» Supplied records
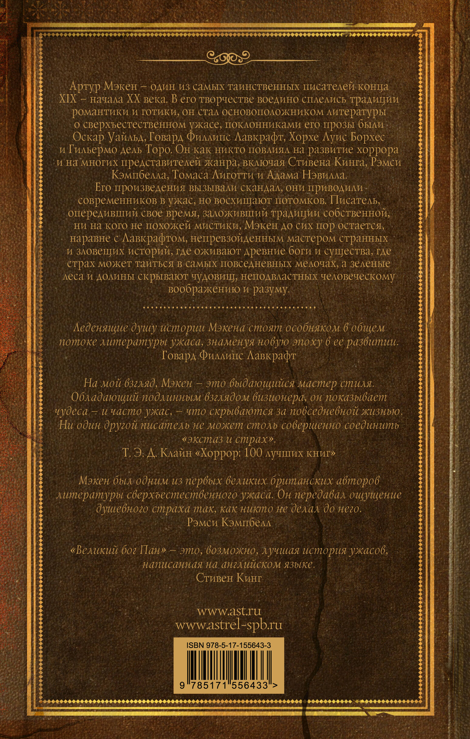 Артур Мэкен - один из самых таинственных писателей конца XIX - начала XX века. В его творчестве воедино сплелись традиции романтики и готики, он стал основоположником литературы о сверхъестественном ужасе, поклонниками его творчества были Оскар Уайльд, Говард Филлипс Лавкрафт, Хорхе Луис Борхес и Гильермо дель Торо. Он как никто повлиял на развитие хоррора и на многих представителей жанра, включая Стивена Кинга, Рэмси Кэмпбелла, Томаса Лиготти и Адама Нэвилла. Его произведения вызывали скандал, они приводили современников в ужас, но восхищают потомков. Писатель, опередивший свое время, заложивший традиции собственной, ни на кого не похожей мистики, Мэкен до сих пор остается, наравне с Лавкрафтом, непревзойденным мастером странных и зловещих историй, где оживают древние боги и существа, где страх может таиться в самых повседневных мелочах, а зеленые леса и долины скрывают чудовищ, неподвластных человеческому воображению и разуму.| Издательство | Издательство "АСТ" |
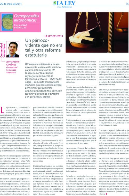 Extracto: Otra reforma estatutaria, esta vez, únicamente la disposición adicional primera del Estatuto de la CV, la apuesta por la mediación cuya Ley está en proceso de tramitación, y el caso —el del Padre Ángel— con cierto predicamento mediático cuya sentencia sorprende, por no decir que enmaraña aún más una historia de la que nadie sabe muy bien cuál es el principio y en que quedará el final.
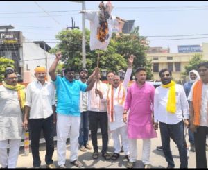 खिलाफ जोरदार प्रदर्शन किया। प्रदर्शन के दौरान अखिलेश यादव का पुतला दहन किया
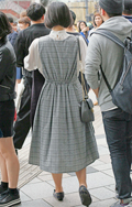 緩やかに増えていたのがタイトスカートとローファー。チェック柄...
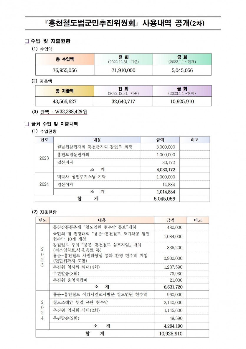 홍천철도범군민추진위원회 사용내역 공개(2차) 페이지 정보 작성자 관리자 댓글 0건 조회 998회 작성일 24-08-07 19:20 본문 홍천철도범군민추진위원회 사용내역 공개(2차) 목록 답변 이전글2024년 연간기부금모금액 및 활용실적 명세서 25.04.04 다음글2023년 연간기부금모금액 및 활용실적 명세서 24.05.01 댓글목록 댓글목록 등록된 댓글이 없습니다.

---

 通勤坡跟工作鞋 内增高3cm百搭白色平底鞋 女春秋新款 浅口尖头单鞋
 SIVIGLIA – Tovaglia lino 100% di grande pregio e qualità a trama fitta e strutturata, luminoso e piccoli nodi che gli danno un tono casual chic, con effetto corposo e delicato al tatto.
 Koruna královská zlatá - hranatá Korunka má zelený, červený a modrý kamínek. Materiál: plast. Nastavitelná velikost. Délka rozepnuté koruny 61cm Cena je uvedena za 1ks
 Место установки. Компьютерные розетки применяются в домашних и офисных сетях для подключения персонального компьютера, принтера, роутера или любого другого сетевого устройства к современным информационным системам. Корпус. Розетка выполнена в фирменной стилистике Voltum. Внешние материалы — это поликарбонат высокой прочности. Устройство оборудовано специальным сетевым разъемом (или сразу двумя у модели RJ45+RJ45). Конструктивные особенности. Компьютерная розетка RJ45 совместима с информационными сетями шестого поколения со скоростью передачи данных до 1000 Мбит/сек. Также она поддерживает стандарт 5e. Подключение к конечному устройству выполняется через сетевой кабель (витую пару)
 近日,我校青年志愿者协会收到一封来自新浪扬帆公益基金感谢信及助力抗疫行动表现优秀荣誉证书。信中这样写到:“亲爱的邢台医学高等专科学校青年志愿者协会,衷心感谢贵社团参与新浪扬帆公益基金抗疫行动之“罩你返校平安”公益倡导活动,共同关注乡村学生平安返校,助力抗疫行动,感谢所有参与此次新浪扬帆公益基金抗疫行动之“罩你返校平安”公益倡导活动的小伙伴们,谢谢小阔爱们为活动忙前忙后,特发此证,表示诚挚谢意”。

---

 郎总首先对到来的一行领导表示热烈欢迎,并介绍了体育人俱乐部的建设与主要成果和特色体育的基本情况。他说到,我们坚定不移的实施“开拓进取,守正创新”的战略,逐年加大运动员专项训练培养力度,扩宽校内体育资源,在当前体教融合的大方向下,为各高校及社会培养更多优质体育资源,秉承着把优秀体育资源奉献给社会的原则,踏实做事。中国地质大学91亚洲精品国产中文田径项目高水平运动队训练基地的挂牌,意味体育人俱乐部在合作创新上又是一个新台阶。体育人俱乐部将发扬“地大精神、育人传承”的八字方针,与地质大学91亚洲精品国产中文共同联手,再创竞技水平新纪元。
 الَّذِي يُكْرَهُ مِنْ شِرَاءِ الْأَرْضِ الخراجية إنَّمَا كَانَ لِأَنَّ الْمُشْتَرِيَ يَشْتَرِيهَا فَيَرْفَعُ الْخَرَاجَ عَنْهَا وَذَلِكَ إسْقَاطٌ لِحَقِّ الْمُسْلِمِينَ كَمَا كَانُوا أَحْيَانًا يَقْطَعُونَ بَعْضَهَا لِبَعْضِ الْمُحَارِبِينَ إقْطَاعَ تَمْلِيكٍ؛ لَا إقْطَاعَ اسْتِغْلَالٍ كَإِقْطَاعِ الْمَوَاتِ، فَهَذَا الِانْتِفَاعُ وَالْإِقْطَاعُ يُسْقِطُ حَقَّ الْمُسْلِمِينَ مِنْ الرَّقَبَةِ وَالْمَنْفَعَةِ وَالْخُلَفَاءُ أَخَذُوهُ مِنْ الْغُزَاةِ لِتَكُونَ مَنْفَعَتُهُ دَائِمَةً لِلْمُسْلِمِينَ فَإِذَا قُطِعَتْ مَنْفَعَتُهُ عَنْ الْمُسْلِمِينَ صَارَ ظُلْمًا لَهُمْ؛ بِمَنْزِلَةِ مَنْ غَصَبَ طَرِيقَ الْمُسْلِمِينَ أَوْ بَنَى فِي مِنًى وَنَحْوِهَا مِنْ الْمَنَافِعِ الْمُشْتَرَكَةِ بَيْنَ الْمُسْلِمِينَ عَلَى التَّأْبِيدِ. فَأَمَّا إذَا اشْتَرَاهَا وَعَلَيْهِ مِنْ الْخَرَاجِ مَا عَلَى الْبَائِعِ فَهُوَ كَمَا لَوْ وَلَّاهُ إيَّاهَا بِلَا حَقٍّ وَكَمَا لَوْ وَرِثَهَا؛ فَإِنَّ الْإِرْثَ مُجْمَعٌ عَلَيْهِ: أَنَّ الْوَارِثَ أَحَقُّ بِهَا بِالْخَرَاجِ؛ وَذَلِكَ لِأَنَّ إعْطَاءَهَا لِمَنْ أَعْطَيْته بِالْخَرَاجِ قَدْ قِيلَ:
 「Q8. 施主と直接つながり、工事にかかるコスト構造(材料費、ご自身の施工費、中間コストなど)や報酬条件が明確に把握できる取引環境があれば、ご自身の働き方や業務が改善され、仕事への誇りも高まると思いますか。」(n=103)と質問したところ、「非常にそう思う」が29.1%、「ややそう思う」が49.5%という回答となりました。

» What to work on
Quote the listing above, but only from the line that shows "SIVIGLIA – Tovaglia" through the line that shows "Koruna královská zlatá".

» Expected answer
 SIVIGLIA – Tovaglia lino 100% di grande pregio e qualità a trama fitta e strutturata, luminoso e piccoli nodi che gli danno un tono casual chic, con effetto corposo e delicato al tatto.
 Koruna královská zlatá - hranatá Korunka má zelený, červený a modrý kamínek. Materiál: plast. Nastavitelná velikost. Délka rozepnuté koruny 61cm Cena je uvedena za 1ks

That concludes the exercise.